Spondylolysis and Spondylolisthesis
Spondylolysis and spondylolisthesis are separate, yet related conditions. Spondylolysis usually comes first, though not always. The term comes from Greek “spondylo,” which means “spine,” and “lysis”, The word “lysis” meaning ‘to divide’.
The cause of spondylolysis is not as clearly defined. Most specialists believe it is due to a genetic weakness of the pars interarticularis.
Spondylolysis is a stress fracture of the narrow bridge between the upper and lower pars interarticularis. It can occur on one side (unilateral) or both sides (bilateral) and at any level of the spine, but most often at the lower lumbar levels L4-L5 or L5-S1. If spondylolysis is present, then there is the potential to develop spondylolisthesis. Both spondylolysis and spondylolisthesis can be present at birth or occur through injury. The most common cause in adults is degenerative arthritis.
Spondylolisthesis is most often caused by spondylolysis. Another type of spondylolisthesis is degenerative spondylolisthesis, occurring usually after age 50. This may create a spinal stenosis (narrowing of the spinal canal).
Spondylolisthesis occurs when one vertebra slips forward in relation to an adjacent vertebra, usually in the lowest lumbar vertebral segment (L5). As a result, the L5 vertebral body slips forward on the S1 (sacral 1) vertebral body. This process is almost never due to trauma.

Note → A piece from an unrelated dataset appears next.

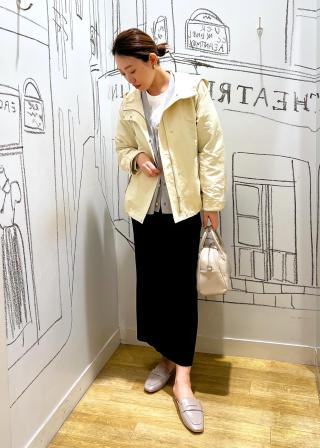 ・ゆったりとしたシルエットなので、スカートに合わせてずるっとシルエットもおしゃれ。
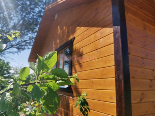 Покрашен домик защитным составом Pinotex «Орегон» + обводка «Палисандр».

The symptoms that accompany a spondylolisthesis include pain in the low back or legs, muscle spasms, and weakness. Often, the symptom of spondylolisthesis is tightness of the hamstring muscles in the legs. Some people are symptom free and never even know they have the problem, until they find the disorder exists when revealed on an x-ray.
If the spondylolisthesis is non-progressive, no treatment except observation is required.
Conservative treatment includes 2 or 3 days of rest followed by trunk and abdominal strengthening exercises. A spine-care specialist may prescribe the wearing of a back brace for a short period of time while you strengthen the abdominal and lower back muscles. The brace may decrease muscle spasm and pain as well as help immobilize the spine and aid the healing process.
If required, the conservative treatment for spondylolysis and spondylolisthesis may include:
Exercises - to strength trunk and abdominal muscles;
Medications – help to relieve the pain and inflammation;
Physiotherapy – helps to relive the pain syndrome;
Manipulative treatment - helps to relieve the pressure on the nerve route;
Braces - decrease muscle spasm and help to immobilize the spine;
If patients do not respond to conservative treatment and slippage continues, surgery may be necessary. Surgery for spondylolisthesis needs to address both the instability of the spine and the compression of the nerve roots.